Credit: Kylie Cooper

Penn researchers found that rental protection policies limiting evictions have helped curb the spread of COVID-19 in cities across the United States.

The study, which was published in Nature Communications, was led by researchers in the Perelman School of Medicine, Johns Hopkins University, and the University of Illinois at Urbana-Champaign. Researchers found that in a city with a population of 1 million people in which 1% of households experience eviction monthly, there could be an excess of up to 49,000 COVID-19 infections, Penn Medicine News reported. If Philadelphia were to experience a fivefold increase in evictions, researchers predict that it could lead to 53,000 additional infections. 

The study found that once they are evicted, households tend to "double-up," and move in with friends or family members. This increases the likelihood that the virus can get into a home and spread outside of it.

“Our model shows clearly that policies to stem evictions are not only a warranted but a necessary component of COVID control," co-senior author and professor of Epidemiology at the Perelman School of Medicine Michael Levy told Penn Medicine News. 

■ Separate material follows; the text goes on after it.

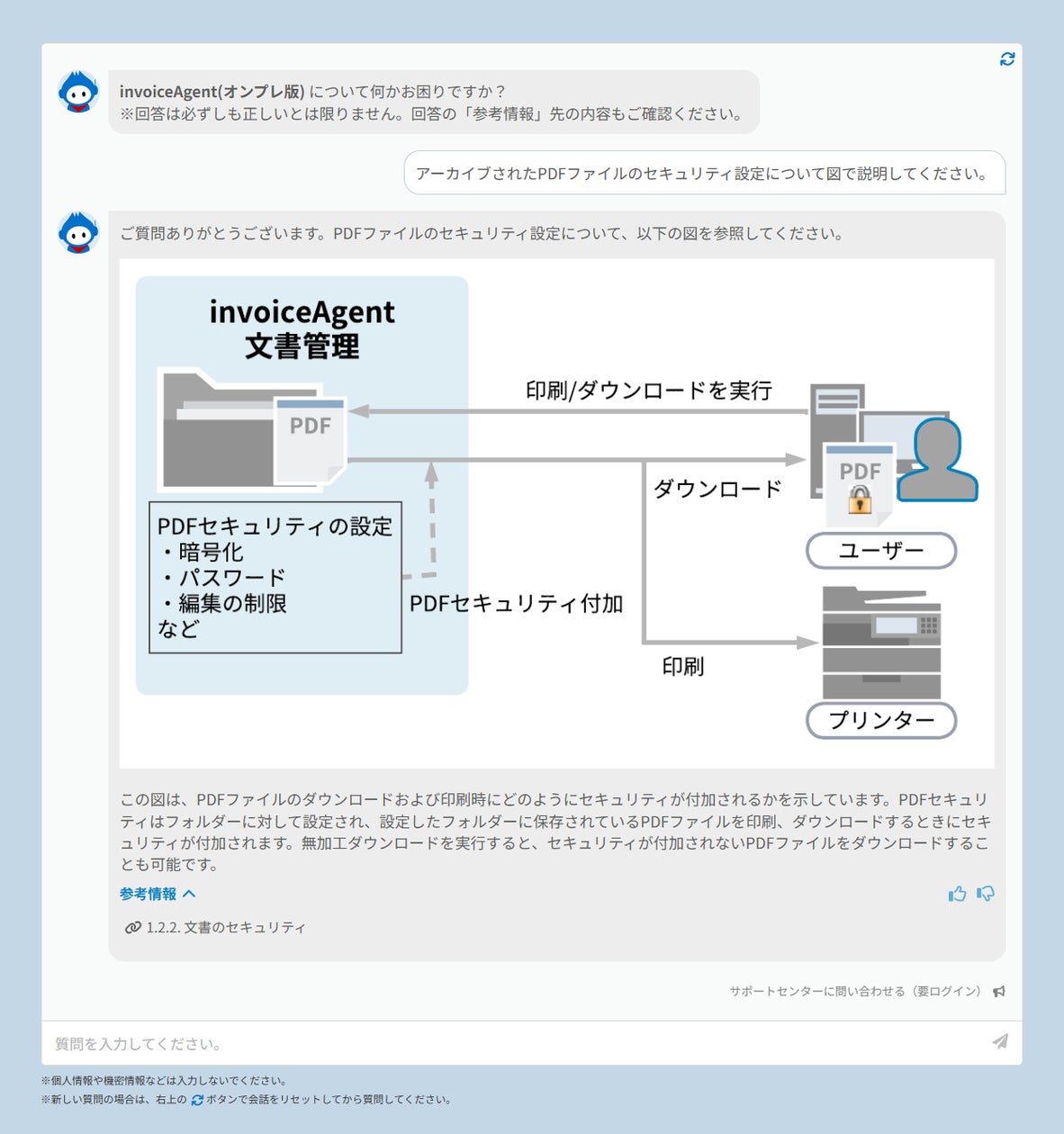 このAIアシスタントは、ユーザーが「invoiceAgent」をスムーズに利用できるようにサポートし、操作方法やトラブルシューティングに関する質問に即座に応答します。

After record levels of unemployment put millions of Americans at risk of losing their homes in 2020 and 2021, the Centers for Disease Control and Prevention imposed a national moratorium on evictions on September 4, 2020, which has been extended through the end of June 2021. 

"As long as the virus is circulating, ending these protections could have devastating implications in the United States,” Levy said. 

The research team created a simulation which found that allowing evictions to continue in Philadelphia would result in increases in COVID-19 infections that would be felt among various socioeconomic populations including those experiencing a low number of evictions, Penn Medicine News reported.

“Evictions not only affect the evicted, but they can endanger an entire city,” Levy told Penn Medicine News.